Magnolol ameliorates lipopolysaccharide-induced acute lung injury in rats through PPAR-γ-dependent inhibition of NF-kB activation.

Acute lung injury (ALI) has a high morbidity and mortality rate due to the serious inflammation and edema occurred in lung. Magnolol extracted from Magnolia officinalis, has been reported to exhibit anti-inflammatory, and antioxidant activities. Peroxisome proliferator-activated receptors (PPARs) are known to exert a cytoprotective effect against cellular inflammatory stress and oxidative injury. The aim of this study was to explore the involvement of PPAR-γ in the beneficial effect of magnolol in lipopolysaccharide (LPS)-induced ALI. We found that treatment with magnolol greatly improved the pathological features of ALI evidenced by reduction of lung edema, polymorphonuclear neutrophil infiltration, ROS production, the levels of pro-inflammatory cytokines in bronchoalveolar lavage fluid (BALF), the expression of iNOS and COX-2, and NF-κB activation in lungs exposed to LPS. Importantly, magnolol is capable of increasing the PPAR-γ expression and activity in lungs of ALI. However, blocking PPAR-γ activity with GW9662 markedly abolished the protective and anti-inflammatory effects of magnolol. Taken together, the present study provides a novel mechanism accounting for the protective effect of magnolol in LPS-induced ALI is at least partly attributed to induction of PPAR-γ in lungs, and in turn suppressing NF-κB-related inflammatory responses.

Magnolol suppresses hypoxia-induced angiogenesis via inhibition of HIF-1α/VEGF signaling pathway in human bladder cancer cells.

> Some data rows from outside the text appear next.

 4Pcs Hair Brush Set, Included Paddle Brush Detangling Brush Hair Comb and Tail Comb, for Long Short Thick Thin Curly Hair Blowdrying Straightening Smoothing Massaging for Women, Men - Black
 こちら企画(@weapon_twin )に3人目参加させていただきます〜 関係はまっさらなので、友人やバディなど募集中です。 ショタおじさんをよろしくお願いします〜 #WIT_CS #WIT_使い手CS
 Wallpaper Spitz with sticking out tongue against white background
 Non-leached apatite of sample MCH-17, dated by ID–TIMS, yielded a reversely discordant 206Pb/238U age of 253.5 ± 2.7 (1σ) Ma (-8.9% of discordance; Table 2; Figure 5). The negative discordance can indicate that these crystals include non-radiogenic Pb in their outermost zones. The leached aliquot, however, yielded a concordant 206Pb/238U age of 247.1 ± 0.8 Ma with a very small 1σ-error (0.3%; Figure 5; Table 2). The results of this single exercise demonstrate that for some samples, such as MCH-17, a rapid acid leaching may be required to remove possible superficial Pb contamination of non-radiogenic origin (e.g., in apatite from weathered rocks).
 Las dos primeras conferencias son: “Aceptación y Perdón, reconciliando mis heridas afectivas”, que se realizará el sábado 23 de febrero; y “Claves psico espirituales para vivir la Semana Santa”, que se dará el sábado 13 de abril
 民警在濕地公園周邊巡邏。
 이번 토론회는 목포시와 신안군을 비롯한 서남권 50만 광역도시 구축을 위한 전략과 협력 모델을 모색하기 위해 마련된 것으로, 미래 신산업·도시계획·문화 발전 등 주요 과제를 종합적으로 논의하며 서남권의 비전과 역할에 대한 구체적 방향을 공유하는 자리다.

The hypoxic environment in tumors is an important factor causing tumor angiogenesis by activating the key transcription factor, hypoxia-inducible factors-1α (HIF-1α). Magnolol isolated from Magnolia officinalis has been reported to exhibit an anticancer activity via elevation of apoptosis. However, whether magnolol inhibits tumor angiogenesis remains unknown. In the present study, we demonstrated that magnolol significantly inhibited angiogenesis in vitro and in vivo evidenced by the attenuation of hypoxia and vascular endothelial growth factor (VEGF)-induced tube formation of human umbilical vascular endothelial cells, vasculature generation in chicken chorioallantoic membrane and Matrigel plug. In hypoxic human bladder cancer cells (T24), treatment with magnolol inhibited hypoxia-stimulated H2O2 formation, HIF-1α induction including mRNA, protein expression, and transcriptional activity as well as VEGF secretion. Additionally, the enhanced degradation of HIF-1α protein via enhancing prolyl hydroxylase activity and the decreased newly-synthesized HIF-1α protein in hypoxic T24 cells may involve the reduction of HIF-1α protein accumulation by magnolol. Interestingly, magnolol also acts as a VEGFR2 antagonist, and subsequently attenuates the down-stream AKT/mTOR/p70S6K/4E-BP-1 kinase activation both in hypoxic T24 cells and tumor tissues. As expected, administration of magnolol greatly attenuated tumor growth, angiogenesis and the protein expression of HIF-1α, VEGF, CD31, a marker of endothelial cells, and carbonic anhydrase IX, an endogenous marker for hypoxia, in the T24 xenograft mouse model. Collectively, these findings strongly indicate that the anti-agngiogenic activity of magnolol is, at least in part, mediated by suppressing HIF-1α/VEGF-dependent pathways, and suggest that magnolol may be a potential drug for human bladder cancer therapy.